Kiran melonggarkan pelukannya lalu menatap mata kak Dhika yang sekarang berada sejajar dengannya. Orang ini sepertinya benar-benar tidak mau membantunya. Dia melihat pinggir kolam yang tidak begitu jauh lalu melepas pegangannya. Berusaha untuk menggapai pinggir kolam tapi tubuhnya sangat berat. Dia tenggelam selama beberapa detik sebelum kak Dhika memegang tubuhnya lagi.

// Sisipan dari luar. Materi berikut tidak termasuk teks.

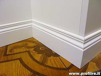 Battiscopa Mdf Bianco Ducale Inglese Altezza 13 Centimetri Spessore 14 Mm
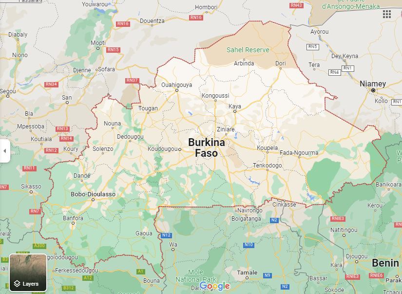 خريطة لبوركينا فاسو (غوغل مابس).

"Udah Kiran bilang kan!" katanya kesal tapi tetap memegang lengan kak Dhika erat-erat.
"Aneh sekali. Dulu kamu mirip katak"
"Sialan!" Kiran memukul dan menendang kakaknya di dalam air lalu mengenai sesuatu yang seperrtinya bagian pribadi orang itu.
"Aduhh" keluh kak Dhika lalu menatapnya tajam.
"Makanya cepet bawa aku ke pinggir. Mulai dingin nih"
Tanpa berkata apa-apa, kak Dhika menyeret Kiran ke pinggir kolam lalu mengangkat tubuhnya. Kiran berhasil duduk di pinggir kolam dan bersyukur tidak tenggelam lagi. Lalu dia mengalami sesuatu yang membuatnya kehabisan napas seperti tenggelam.
Tanpa aba-aba, kak Dhika juga mengangkat tubuhnya ke pinggir kolam.Tepat di sebelahnya. Membuat Kiran bisa melihat setiap tetes air yang menetes di dada dan perut telanjang kakaknya. Dia membuang muka dan berusaha menenangkan diri. Kenapa dia merasa seperti ini karena melihat tubuh kakaknya? Bukannya dulu dia juga sering melihat kak Dhika tidak memakai baju dan berkeliaran di rumah? Ini tidak benar. Sepertinya Kiran harus segera kembali ke rumahnya dan menjauh dari kak Dhika.